The Love Markets Give Weimar the Slip

The Love Markets (Photo: Laurie Clark)

At the end of The Love Markets‘ first set, for their rendition of Angie Louise‘s ribald anthem “My Little Wiener Schnitzel,” singers Nick Garrison and Louise began tossing sticks of meat into the crowd, and butterscotch kisses, and the gentleman adjacent to me sprang suddenly to life, waving briskly, then settling back dejectedly when he realized no treats were forthcoming for the balcony row.

“I knew we weren’t going to get any,” he told me. “They’re not aerodynamic enough.” I was almost tempted to challenge him on that statement, but the song was starting, and its beer-hall-polka rhythm would soon have everyone swaying in their seats. Besides, isn’t that exactly the kind of thing you hope will happen at a cabaret? All irony had vanished, for a second: STICKS OF MEAT! UP HERE!

Very much like Weimar, I imagine.

We were all in the Bullitt Cabaret at ACT Theatre for this sold-out, one-night-only show (like MacArthur, The Love Markets plan to return: keep an eye on their upcoming gigs calendar), with cabaret-style tables on the main floor, and bar stools along the balcony. On stage, it was all black slips (they reappeared in lavender for the second set) and berets, treating you to the experience of seeing Dave Pascal with a trademark bass player’s deadpan thousand-yard gaze and a drooping shoulder strap.

The Love Markets were born from the aftermath of 5th Avenue’s production of Cabaret a few years ago, when Garrison and Louise decided the cabaret must go on. Backed by Rob Witmer on accordion, Dave Marriott on trombone, Pascal on bass, and Chris Monroe on drums, Garrison and Louise simply sing, with occasional time-outs for between-song banter, which is when you learn that Garrison’s niece, when she was two, looked “just like” Marion Clotillard as Edith Piaf, so Garrison taught her to go around clutching her head and shouting, “Marcel! Marcel!”

Nick Garrison and Angie Louise (Photo: Laurie Clark)

Songs in the repertoire are by Kander & Ebb, Hanns Eisler, Kurt Weill, Friedrich Hollaender, Piaf, but also by Leonard Cohen, Janis Ian, and Angie Louise herself.
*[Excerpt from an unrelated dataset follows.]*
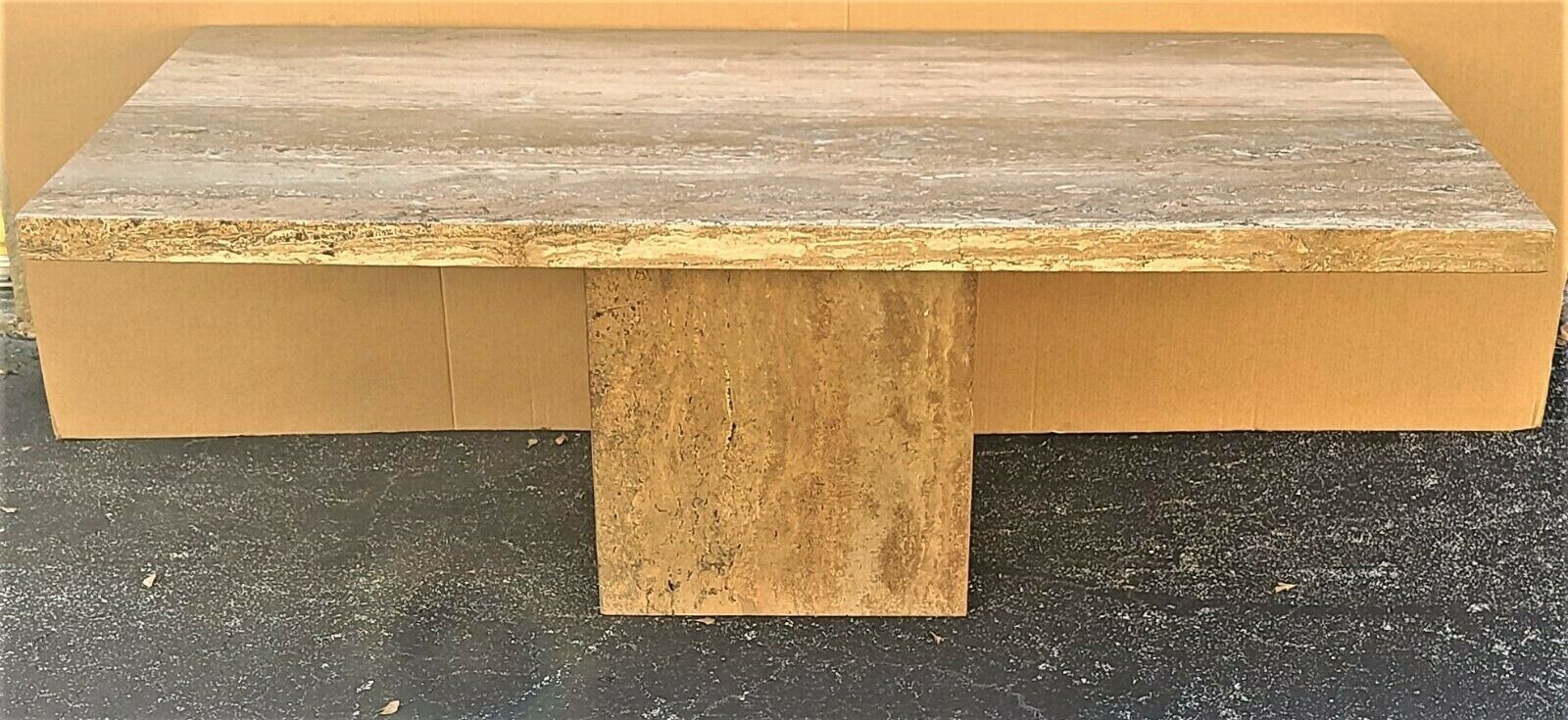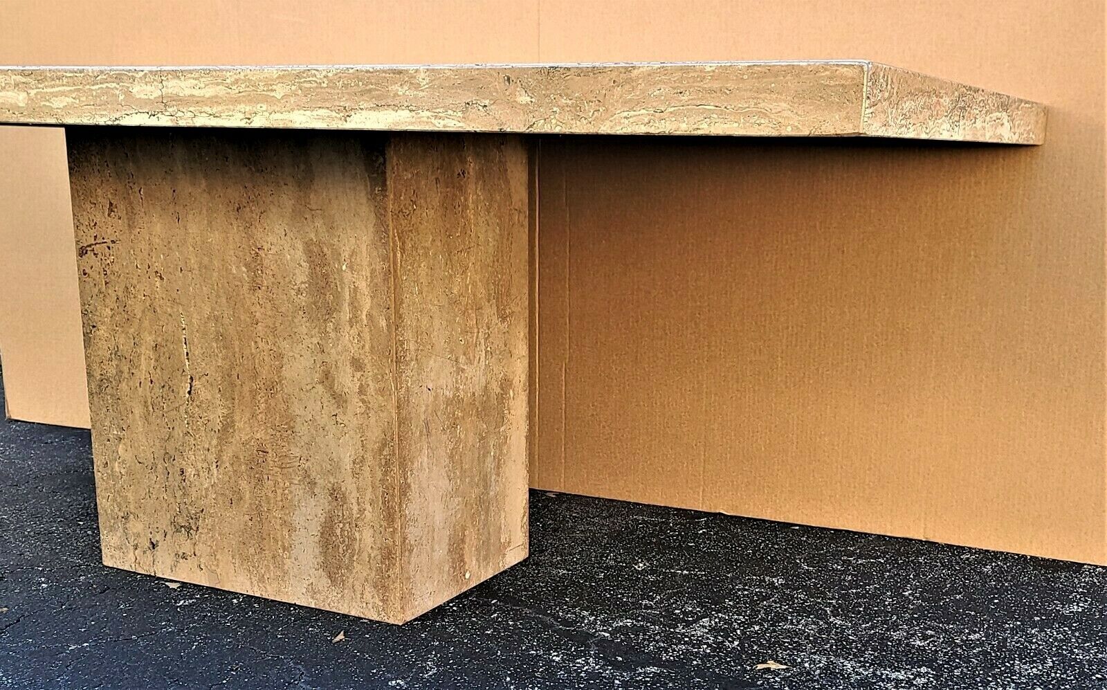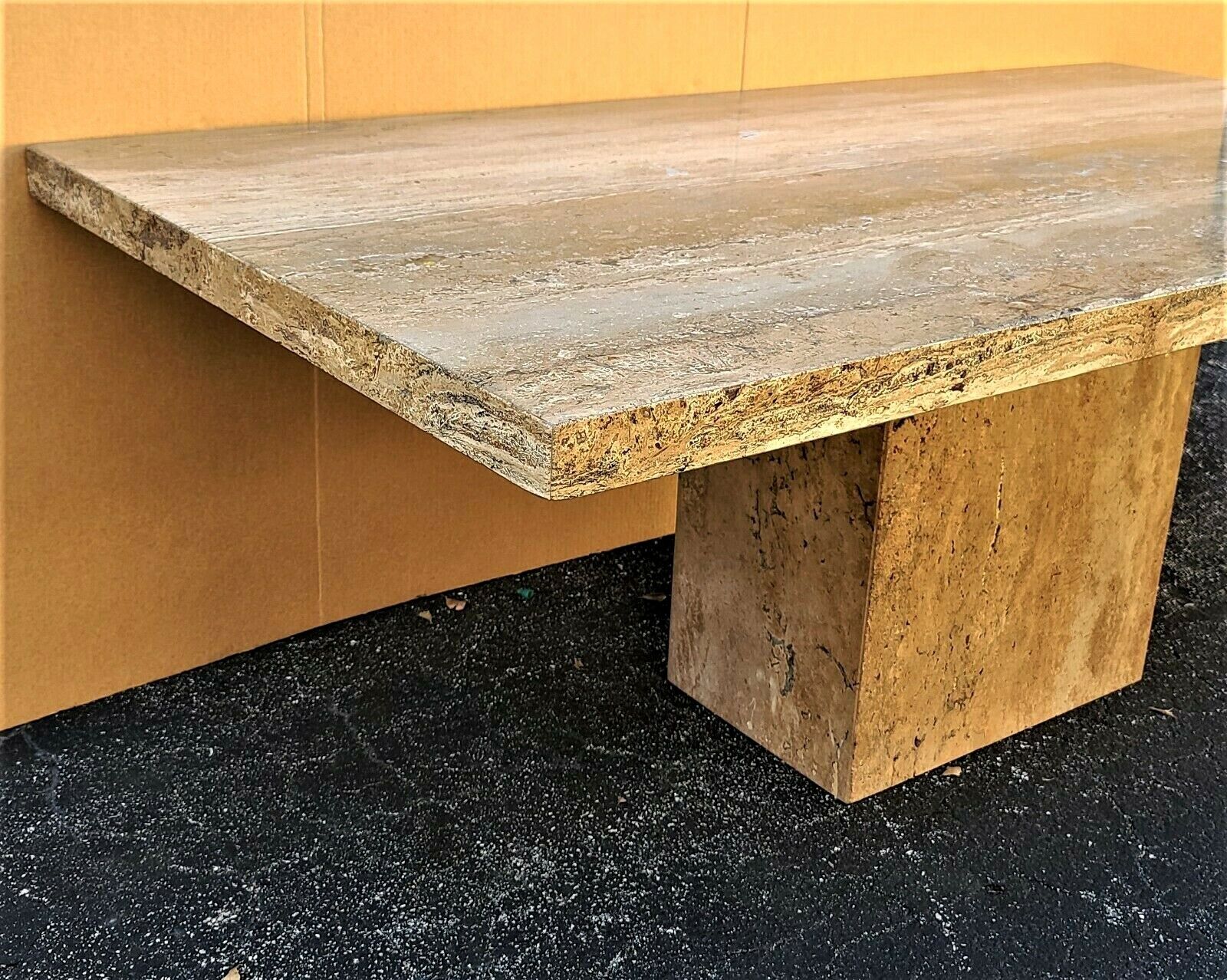 1970's Italian Walnut Travertine Highly Polished Marble Dining Table

If it takes a certain chutzpah to put your songs in the mix with Weill, Louise’s efforts come off very well. Partly, this is context: Cabaret would normally bring you music (and concerns) of the day, and Louise’s “Ballad of the Housing Bubble” is a terrific tune that feels very right, uniting eras in outrage over banksters and fleeced sheep. “Banks of the Lake Wannsee” is a meditation on the arrival of something called “leisure time,” abruptly lost as Germany went to war–even on a first hearing it’s powerful.

Garrison’s tenor and Louise’s alto make a unique combination, with Louise swooping down for low notes. Both are relatively big-voiced compared to pop singers, and technically and stylistically adept. They adopt and discard different vocal mannerisms, and accents, depending upon the song. They seem to sing from a sense of each song’s character; sometimes that’s winking double entendre, sometimes it’s the displaced-refugee angst of Eisler’s “To the Little Radio.” For fans of Garrison, his “La Vie en rose” is probably worth the admission.

In the end, the only thing missing was the steady clink of glasses in a real nightclub (no table service at the Bullitt). That’s not just because I like cocktails, but because the evening’s war-weary, poverty-burdened, prostitute-laden, gay-anthemed lyrics don’t feel the least bit remote, the way The Love Markets sing them.